Last updated: July 28, 2020
The NoodleTools Platform — An Educational Service that is Truly Private
- We do not collect, maintain, use or share personal information beyond what is necessary for authorized educational/school or legal purposes.
- We will never sell any personal information to any third party.
- There is no tracking of any personal information for third-party or marketing purposes on NoodleTools.
- We will never expose any student, teacher, or other user of NoodleTools to any third-party advertisements on our site.
- NoodleTools, Inc. complies with all applicable federal and state data privacy laws including the Children’s Online Privacy Protection Act (“COPPA”) and the Family Educational and Privacy Rights Act (“FERPA”).
- For EU subscribers, NoodleTools, Inc. complies with the EU-U.S. Privacy Shield Framework, the Swiss-U.S. Privacy Shield Framework, and the General Data Protection Regulation (GDPR) for the protection of personal data and digital privacy.
- “NoodleTools,” our online research management platform for students and teachers.
- “NoodleTools Companion,” our iOS and Android mobile application for NoodleTools subscribers.
- Single-sign-on options available for authentication (currently Google, Microsoft 365, and Clever).
- “Have a Question?” our email-based expert help service for users with research questions.
Guiding Principles for Student/User Privacy
For any Site subscribing to NoodleTools, we follow these guiding principles related to identifiable personal information and privacy:
- NoodleTools, Inc. upholds COPPA, FERPA, EU-U.S. Privacy Shield Framework, Swiss-U.S. Privacy Shield Framework, General Data Protection Regulation (GDPR) and related regulations.

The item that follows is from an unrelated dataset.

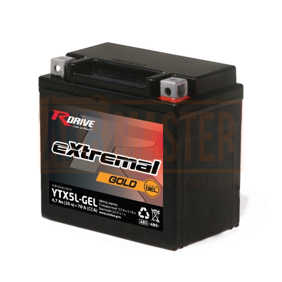 Мото аккумулятор RDRIVE eXtremal Gold 4.5Ач R+ ССА 70А 113х70х105 YTX5L-GEL
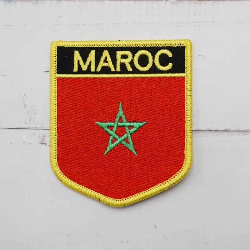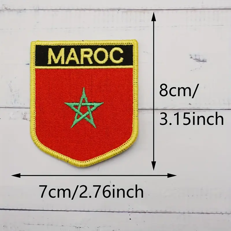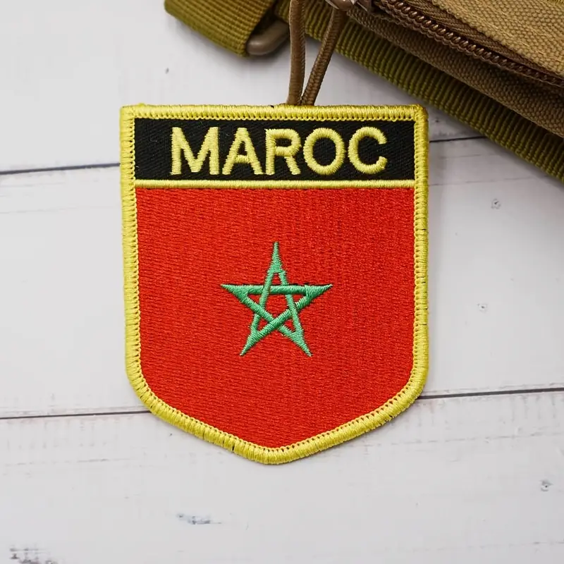 Patch brodé d’étoile de drapeau marocain, badge tactique avec support, couleur mixte, pour chapeau/vêtement.

- For any student accessing NoodleTools from a K12 Site subscription, neither name nor email address nor other personally identifiable information is required for a student to create personal folders or otherwise use NoodleTools or NoodleTools Companion. Our commitment to COPPA and the protection of children under 13 thus extends beyond the COPPA requirement and to all K12 students at a Site, regardless of age.
- Within the NoodleTools classroom environment, a student is identifiable by a screen name or name of choice. For children under 13, the prompt for this screen name specifically instructs them to supply only a first name and last initial.
- For group work, a teacher or classroom peers may not access any student’s folder for purposes of viewing and providing feedback unless the student expressly provides that permission. Our guiding principle is that the student is the owner and author of his or her work, and thus must grant permission allowing a teacher or peer to gain a view into that work.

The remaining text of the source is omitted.